The function has been used to answer the following StackOverflow questions:

@OscarR 2018-08-03 11:47:16

Wow! Is perfect!

@Lukasz Szozda 2018-04-19 16:07:04

MySQL 8.0+ you could use natively REGEXP_REPLACE.

12.5.2 Regular Expressions:

REGEXP_REPLACE(expr, pat, repl[, pos[, occurrence[, match_type]]])

Replaces occurrences in the string expr that match the regular expression specified by the pattern pat with the replacement string repl, and returns the resulting string. If expr, pat, or repl is NULL, the return value is NULL.

and Regular expression support:

Previously, MySQL used the Henry Spencer regular expression library to support regular expression operators (REGEXP, RLIKE).

Regular expression support has been reimplemented using International Components for Unicode (ICU), which provides full Unicode support and is multibyte safe. The REGEXP_LIKE() function performs regular expression matching in the manner of the REGEXP and RLIKE operators, which now are synonyms for that function. In addition, the REGEXP_INSTR(), REGEXP_REPLACE(), and REGEXP_SUBSTR() functions are available to find match positions and perform substring substitution and extraction, respectively.

SELECT REGEXP_REPLACE('Stackoverflow','[A-Zf]','-',1,0,'c'); 
-- Output:
-tackover-low

DBFiddle Demo

@Jeremy Stein 2009-06-12 14:16:44

No.

But if you have access to your server, you could use a user defined function (UDF) like mysql-udf-regexp.

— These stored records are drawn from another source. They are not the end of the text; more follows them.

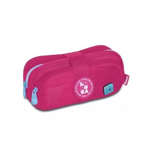 Com design compacto e funcional, o estojo possui dois compartimentos com fechamento por zíper, permitindo organizar seus materiais com facilidade. Os detalhes incluem pin de metal e puxador de zíper personalizado, garantindo estilo e durabilidade.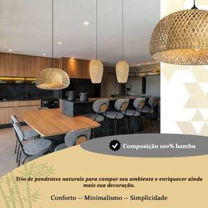 Naturais, harmônicos e muito elegantes, o Nat23 e o Nat63 fazem parte da nossa nova linha de pendentes feitos de fibra natural. Esses pendentes possuem o seu material feito com pequenas ripas de bambu, proporcionando um aconchego e beleza no seu ambiente, além de ser um material totalmente ecológico. Produtos importados fabricados na Ásia.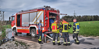 Eine Ölspur durch den Ortsteil Mietenkam musste abgestreut werden.
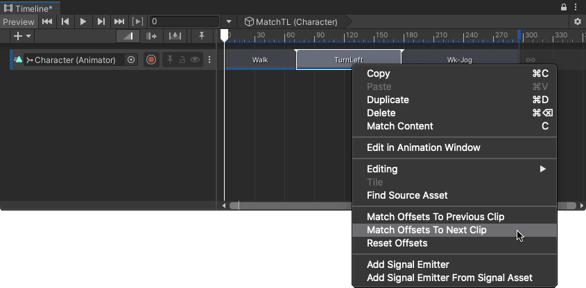 The context menu only displays the match options available for the selected Animation clip. For example, if the first clip, Walk is selected, only the Match Offsets to Next Clip menu item is available.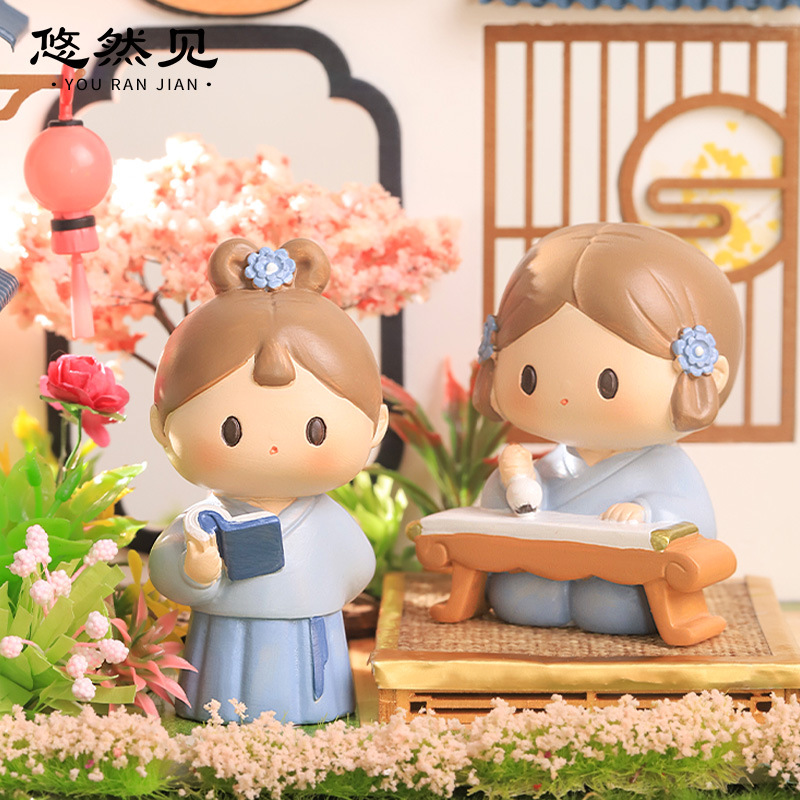 Boneka resin hadiah kreatif anak perempuan imut gaya kuno mode Nasional dekorasi kamar anak-anak rumah buatan tangan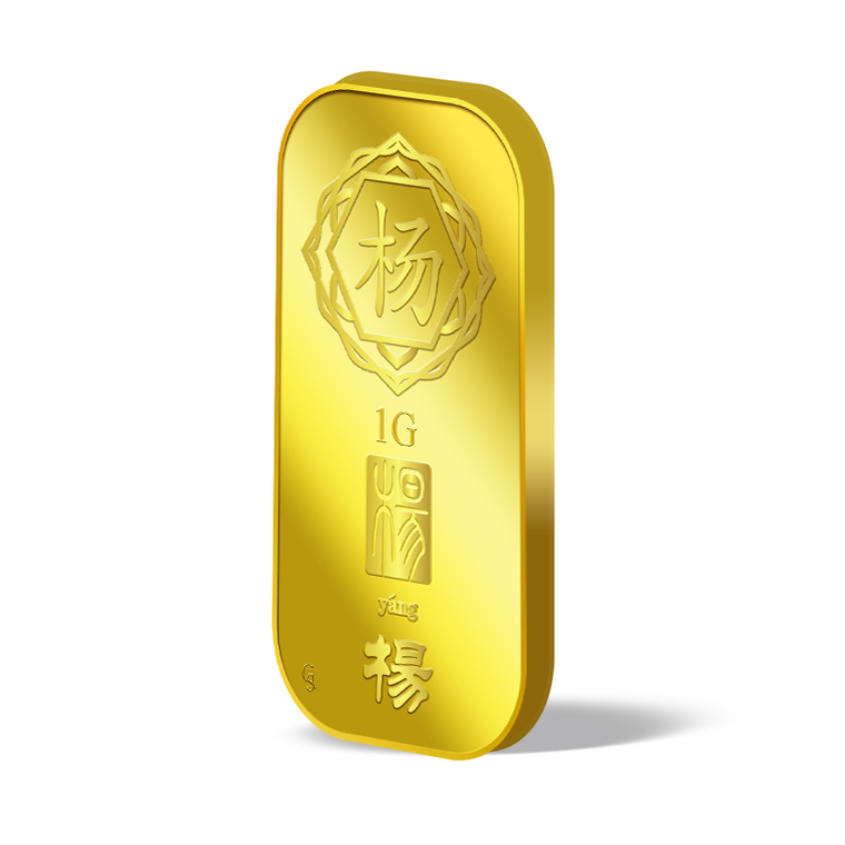 The image is embossed on a 1 gram 999.9 fine gold bar.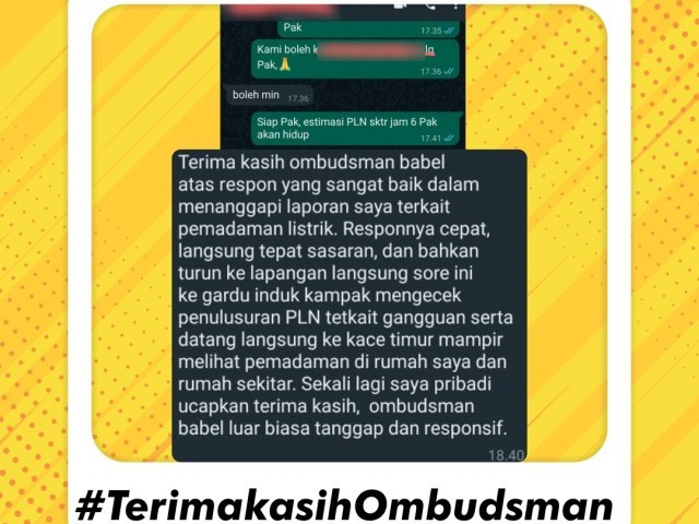 "Terima kasih Ombudsman Babel atas respons yang sangat baik dalam menanggapi laporan saya terkait pemadaman listrik. Responsnya cepat, langsung tepat sasaran, dan bahkan turun ke lapangan langsung sore ini ke gardu induk Kampak untuk mengecek penelusuran PLN terkait gangguan serta datang langsung ke Desa Kace Timur mampir melihat pemadaman di rumah saya dan rumah sekitar. Sekali lagi saya pribadi ucapkan terima kasih, Ombudsman Babel luar biasa tanggap dan responsif," tulis Pelapor dalam testimoni yang dikirimkannya melalui pesan WA.

EDIT: MySQL 8.0+ you could use natively REGEXP_REPLACE. More in answer above

@Piskvor 2009-06-12 15:34:28

REGEXP_REPLACE as a User Defined Function? Looks promising, will look into it. Thanks!

@Lathan 2010-07-26 14:08:27

Mysql does not have that feature built-in. I'm told that Oracle has that (no help for you though)

@lkraav 2012-02-20 01:44:19

Unfortunately mysql-udf-regexp doesn't seem to have support for multibyte characters. regexp_replace('äöõü', 'ä', '') returns a long numeric string instead of real text.

@Earth Engine 2013-03-01 00:48:38

@lkraav Really? that thing sounds like a security leak since that "long numeric string" looks like some buffer overrun.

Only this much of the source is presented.